When she returned to Australia in 1973 she became involved with the Australian National Playwrights' Conference, first as a playwright, and later for many years serving as a dramaturg.

Her best-known work is The Rivers of China, featuring the short story writer Katherine Mansfield, which premiered at the Sydney Theatre Company in 1987. It won the Premier's Award in both NSW and Victoria, and is included by the Australian Society of Authors in its list of Australia's 200 best literary works.

In Belonging: Australian Playwrighting in the 20th Century, critic John McCallum describes The Woman in the Window, featuring the poet Anna Akhmatova, as her masterpiece.

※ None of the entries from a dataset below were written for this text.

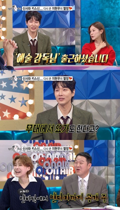 또한 MC 김국진이 지현우에게 “무대 위에서 요가를 한다고요?”라고 묻자, 지현우는 “몸풀기용으로 요가를 해요.”라고 밝힌다. 이어 MC의 요가 시범 요청이 쏟아졌고, 지현우는 벌떡 일어나 스튜디오 바닥에서 187cm의 장신을 자랑하며 요가 실력을 뽐낸다. 지현우는 맨바닥에서 맨다리와 맨살까지 오픈하며 보여준 ‘신사의 요가’ 현장에 모두가 감탄과 웃음을 터뜨린다.
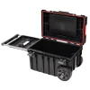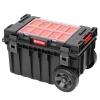 Великий ящик для інструментів на колесах для чудової мобільності модульних систем Qbrick. Два провідні колеса, закріплені на металевій осі, дозволяють безпечно транспортувати набори коробок та органайзерів. Телескопічна алюмінієва ручка, що виходить збоку, забезпечує зручний доступ всередину боксу, а також дозволяє зручно поводитися з боксом, з'єднаним з іншими елементами лінійки ONE, скріпленими з'єднувачами поліамідними. Простий механізм висувної рукоятки подвійного телескопа блокується при легкому ударі по ручці знизу. Вміст коробки оснащений зручним лотком і гнучким ущільненням, що захищає вміст коробки від потрапляння всередину пилу та води. Нова кришка EXPERT відкриває нові можливості для зберігання. Оснащений 8 відрами різних розмірів, він дозволяє зберігати як маленьке, так і довгасте приладдя для майстерень. Довга алюмінієва ручка забезпечує високу ергономіку транспортування.
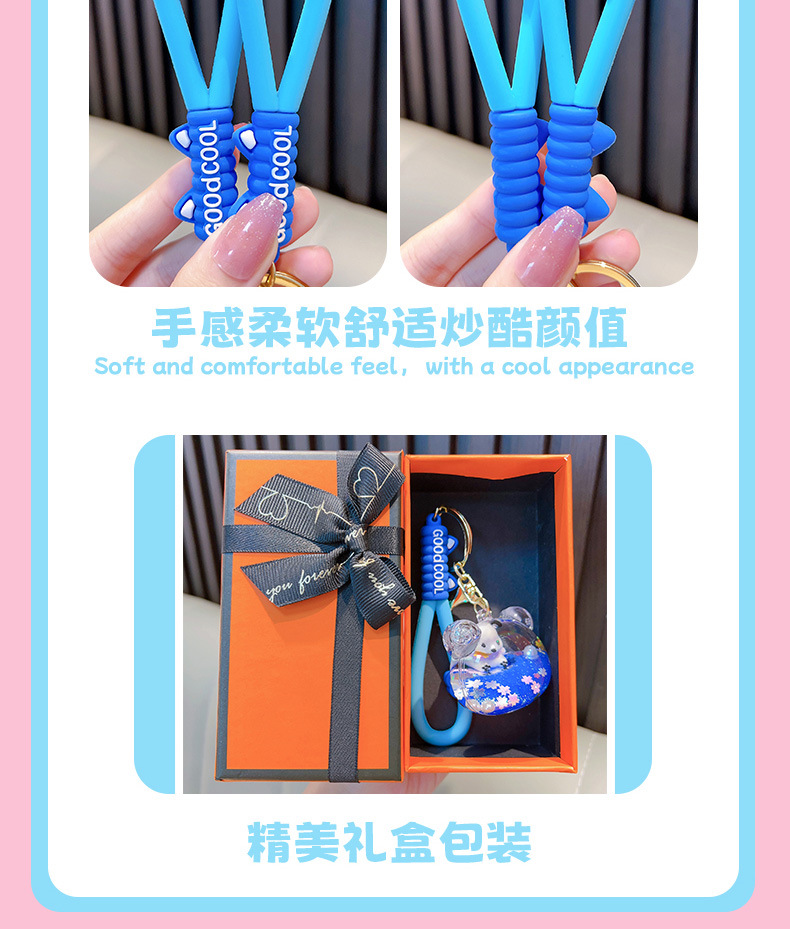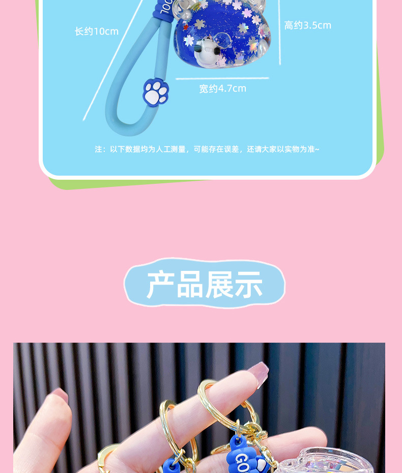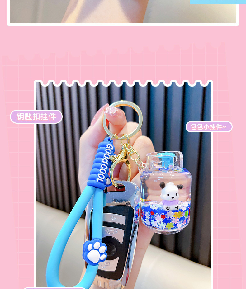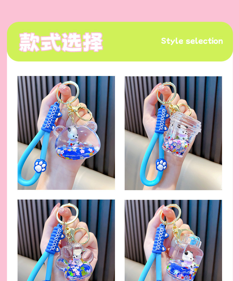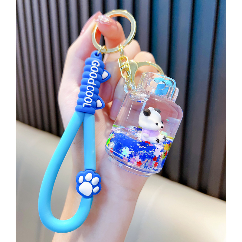 Woan 기름 강아지 곰 발 열쇠 고리 절묘한 귀여운 액체 quicksand 펜던트 책가방 액세서리 작은 선물 도매스토어 가기
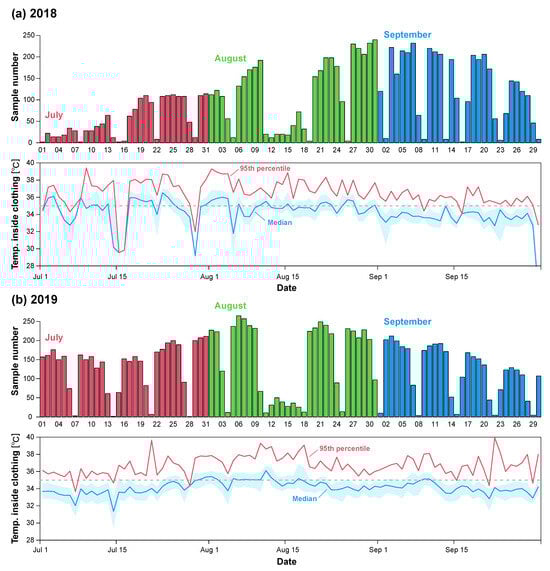 Daily sample numbers (upper panel) and temperatures inside the clothing (lower panel) for 2018 (a) and 2019 (b). The dataset for these two years comprises observations totaling 21,166 days. The temperature inside the clothing was calculated by identifying the maximum daily temperature for each worker. The median (solid blue line), interquartile range (shaded light blue area), and 95th percentile (solid red line) of these daily maximum temperatures were then calculated across all workers. The dashed lines in each lower panel of (a,b) indicate 35 °C.
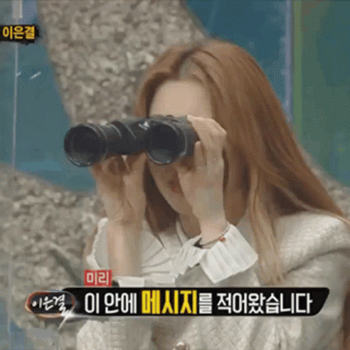 Loona's Heejin, also known as Seocals, looks intently through binoculars on a show.
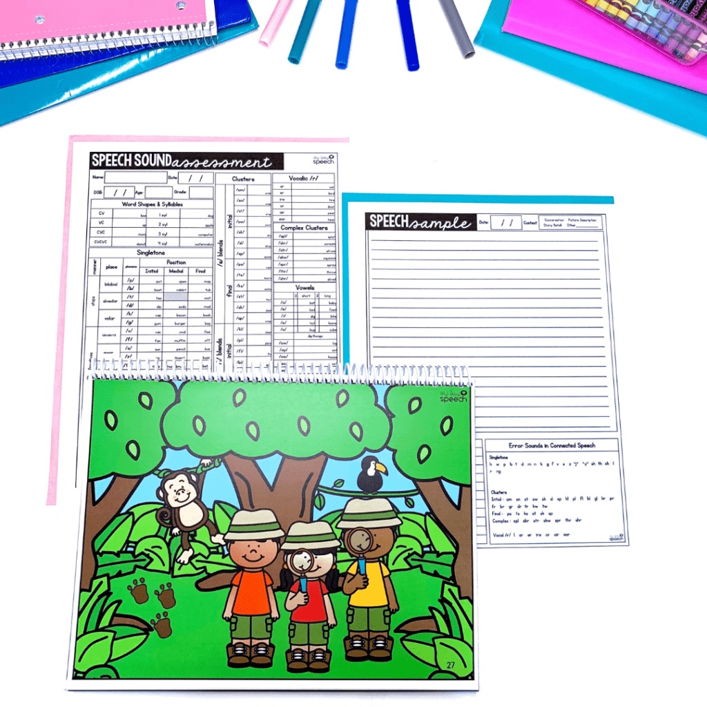 Informal Speech Sound Assessment (Print & No Print Bundle) – assesses singletons in all positions, two element clusters, three element and complex clusters, includes a vowel screener, speech sample prompts, and intelligibility rating
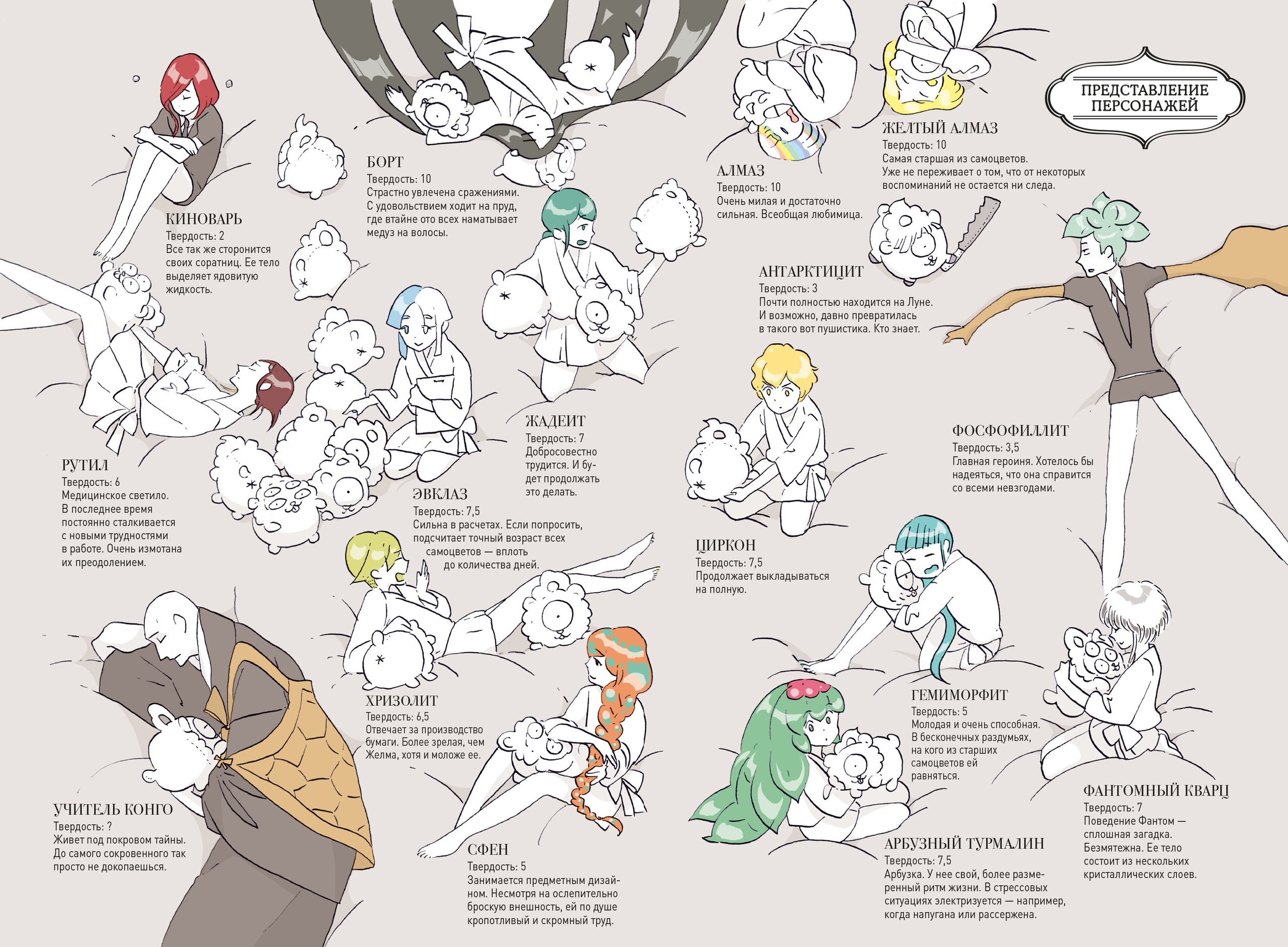 Оставить отзывФос продолжает познавать мир. Мир продолжает временами быть крайне жесток. В отличие от других самоцветов Фосфофиллит полагает, что с лунянами есть возможность найти общий язык. Только это опасно делать в одиночку. Вот учитель Конго ведёт себя временами довольно странно. Не может ли он быть связанным с лунянями?..

He calls it and The Rivers of China "the first great works of serious philosophical science fiction written for the theatre in Australia". The Woman in the Window is included, along with Summer of the Seventeenth Doll from Australia, in Lucy Kerbel's 100 Great Plays for Women.

She was the first playwright to receive the Patrick White Award in 1998.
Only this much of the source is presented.